▶ Data to process

━━━━

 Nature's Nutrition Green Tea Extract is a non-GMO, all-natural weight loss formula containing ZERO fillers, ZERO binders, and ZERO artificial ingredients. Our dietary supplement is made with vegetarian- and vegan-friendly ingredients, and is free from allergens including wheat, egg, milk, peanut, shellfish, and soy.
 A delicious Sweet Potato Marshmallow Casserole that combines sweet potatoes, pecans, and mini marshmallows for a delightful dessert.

━━━━

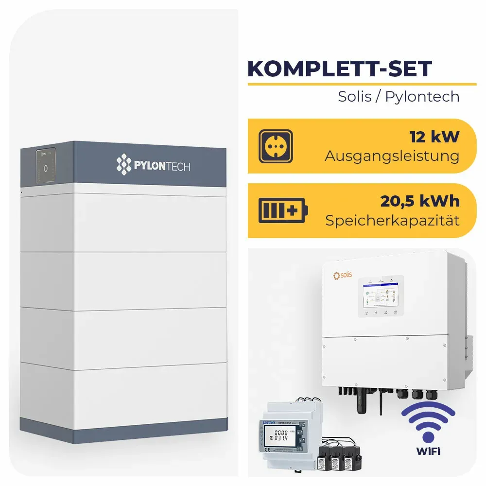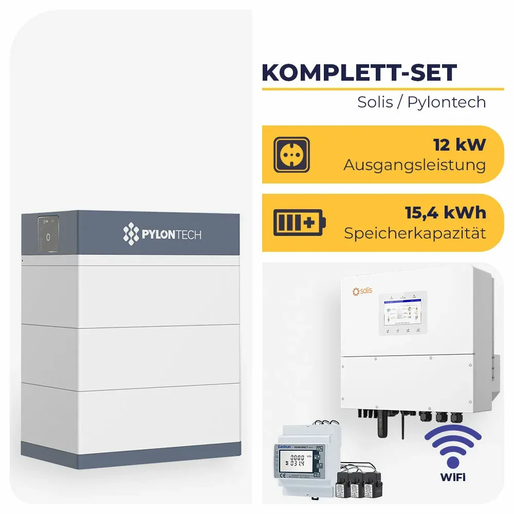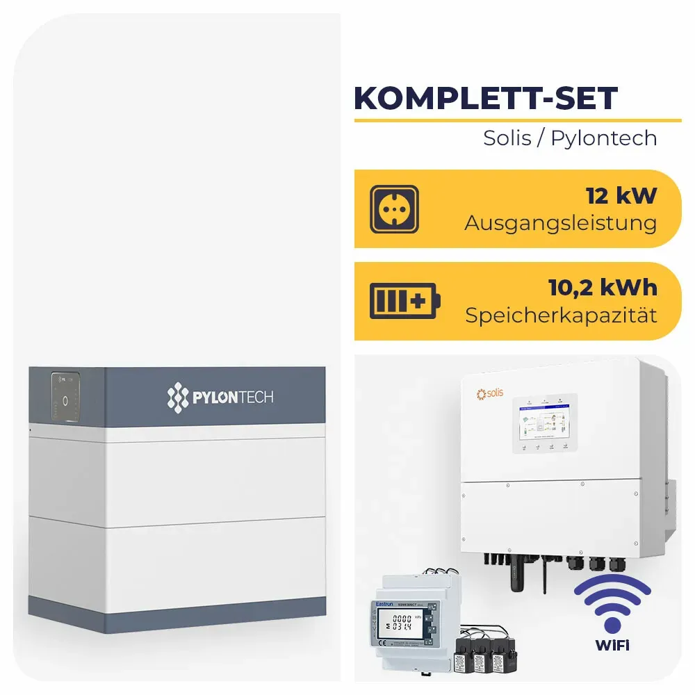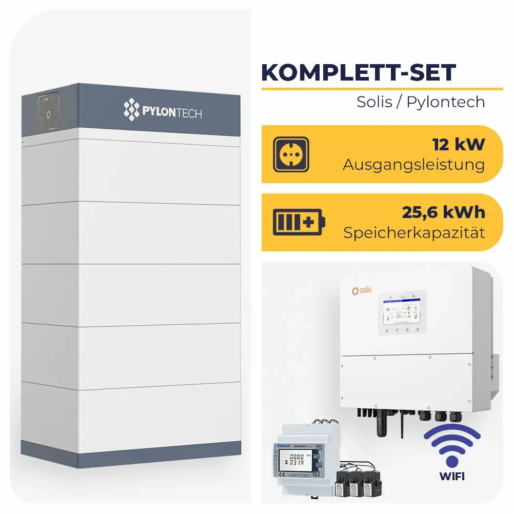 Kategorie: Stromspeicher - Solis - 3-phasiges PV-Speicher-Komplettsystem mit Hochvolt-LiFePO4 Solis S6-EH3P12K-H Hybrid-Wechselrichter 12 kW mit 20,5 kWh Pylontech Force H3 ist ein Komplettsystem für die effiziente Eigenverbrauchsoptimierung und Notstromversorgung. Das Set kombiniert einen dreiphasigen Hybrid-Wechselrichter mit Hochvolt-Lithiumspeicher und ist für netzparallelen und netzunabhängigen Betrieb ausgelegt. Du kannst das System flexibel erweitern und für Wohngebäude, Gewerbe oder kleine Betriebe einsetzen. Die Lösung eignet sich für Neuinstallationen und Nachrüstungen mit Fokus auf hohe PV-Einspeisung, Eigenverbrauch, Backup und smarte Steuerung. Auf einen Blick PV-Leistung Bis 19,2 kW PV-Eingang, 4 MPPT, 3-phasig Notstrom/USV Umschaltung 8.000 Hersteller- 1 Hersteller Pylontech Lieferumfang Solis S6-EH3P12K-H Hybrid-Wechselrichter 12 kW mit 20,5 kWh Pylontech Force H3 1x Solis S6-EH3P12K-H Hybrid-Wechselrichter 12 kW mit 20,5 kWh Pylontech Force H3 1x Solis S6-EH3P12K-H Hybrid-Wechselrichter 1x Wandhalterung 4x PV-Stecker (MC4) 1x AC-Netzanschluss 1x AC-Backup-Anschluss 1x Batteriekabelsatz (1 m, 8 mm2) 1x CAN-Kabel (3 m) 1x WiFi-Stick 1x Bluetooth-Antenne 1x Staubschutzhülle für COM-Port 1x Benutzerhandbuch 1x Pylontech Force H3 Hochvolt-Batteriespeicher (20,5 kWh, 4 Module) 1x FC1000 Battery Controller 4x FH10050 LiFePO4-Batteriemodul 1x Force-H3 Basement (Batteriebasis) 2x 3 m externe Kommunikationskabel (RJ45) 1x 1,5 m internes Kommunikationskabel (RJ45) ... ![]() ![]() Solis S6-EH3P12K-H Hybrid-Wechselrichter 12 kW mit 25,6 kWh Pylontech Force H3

━━━━

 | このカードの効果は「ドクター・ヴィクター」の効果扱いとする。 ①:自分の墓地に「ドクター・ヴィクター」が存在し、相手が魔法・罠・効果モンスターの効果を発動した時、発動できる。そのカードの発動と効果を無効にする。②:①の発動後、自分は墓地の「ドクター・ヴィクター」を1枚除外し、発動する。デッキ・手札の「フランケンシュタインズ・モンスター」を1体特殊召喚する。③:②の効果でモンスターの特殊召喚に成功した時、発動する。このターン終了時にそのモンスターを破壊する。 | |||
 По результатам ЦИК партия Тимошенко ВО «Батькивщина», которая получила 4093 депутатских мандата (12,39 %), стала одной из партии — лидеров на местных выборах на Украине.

━━━━

▶ Your goal
Using the data above, extract exactly the lines from the one that holds "Nature's Nutrition Green" to the one that holds "A delicious Sweet", both ends included, and no others.

▶ Task answer
 Nature's Nutrition Green Tea Extract is a non-GMO, all-natural weight loss formula containing ZERO fillers, ZERO binders, and ZERO artificial ingredients. Our dietary supplement is made with vegetarian- and vegan-friendly ingredients, and is free from allergens including wheat, egg, milk, peanut, shellfish, and soy.
 A delicious Sweet Potato Marshmallow Casserole that combines sweet potatoes, pecans, and mini marshmallows for a delightful dessert.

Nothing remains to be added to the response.